No governo, o liberalismo democrático brasileiro tende a ser mais cauteloso, hesitando a respeito da conveniência e do ritmo da expansão dos direitos sociais e políticos. Acreditando que a colonização teria conformado uma sociedade inclinada a soluções políticas messiânicas, populistas e estatistas, os liberais acabam por não confiar no “bom senso” das massas. Daí a tendência a um excesso de moderação que conduz ao elitismo, ou seja, a circunscrever o centro decisório a uma minoria homogênea de cidadãos em termos de renda e cultura.

Desde que a democratização começou a surgir no horizonte, a partir da Campanha Abolicionista com Joaquim Nabuco e, depois, com a Campanha Civilista de Rui Barbosa, a classe média entrou no radar dos liberais. Como segmento social, exprimiria as qualidades da sociedade civil, por sua sensibilidade a temas como participação política, liberdade, mérito e moralidade.

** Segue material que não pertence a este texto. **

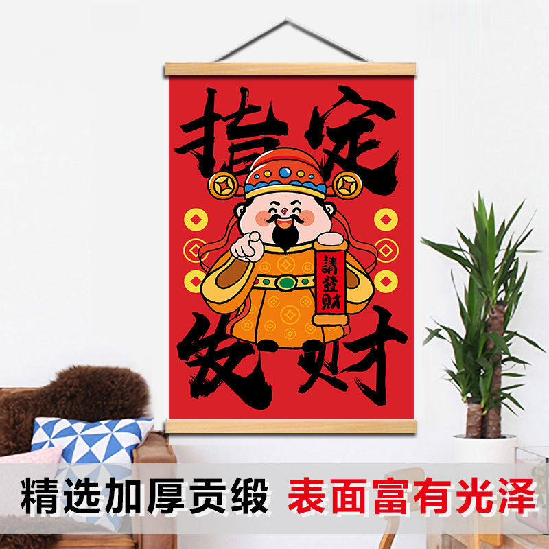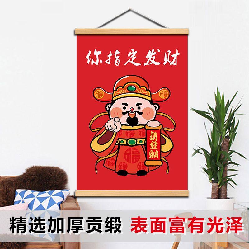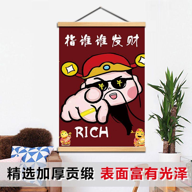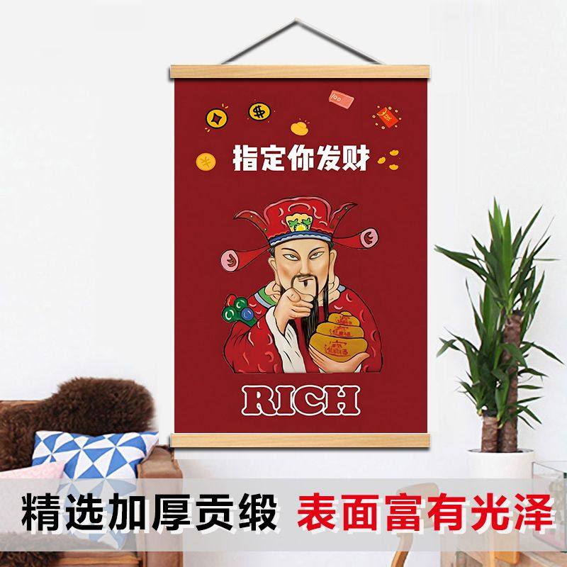 装饰画遮挡店墙财神爷指谁谁发财挂画定制财神海报挂画挂艺术创意
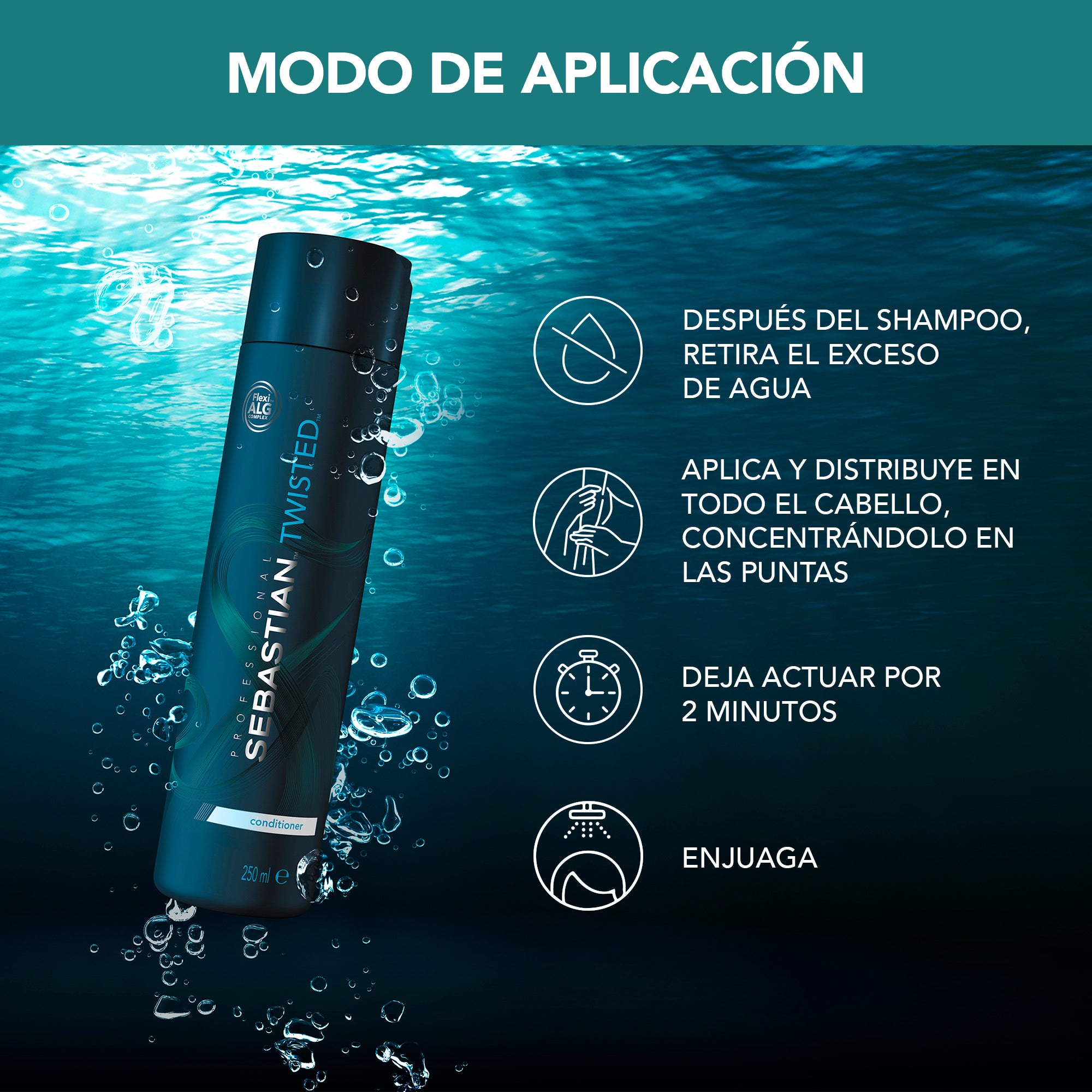 Twisted Conditioner de Sebastian Professional, retiene la hidratación y potencia la elasticidad para facilitar el estilizado, dejando unos rizos que permanecen flexibles y manejables durante todo el día.

Entretanto, por vezes, os liberais democráticos se perceberam em um clima de polarização entre a esquerda e a direita radicais que reduzia o seu espaço de atuação em defesa das liberdades públicas e inclinava o país para o autoritarismo. A sociedade brasileira parecia não se adequar à pedagogia dos valores cosmopolitas liberais.

Inoculada nas massas, a hostilidade a esses valores inclinaram-nas à tutela de um líder carismático; daí a fortuna de um conceito controverso como o de “populismo” tanto entre liberais quanto entre socialistas cosmopolitas. Tal diagnóstico leva muitos liberais democráticos a periodicamente advogarem mecanismos institucionais como o parlamentarismo e o judiciarismo.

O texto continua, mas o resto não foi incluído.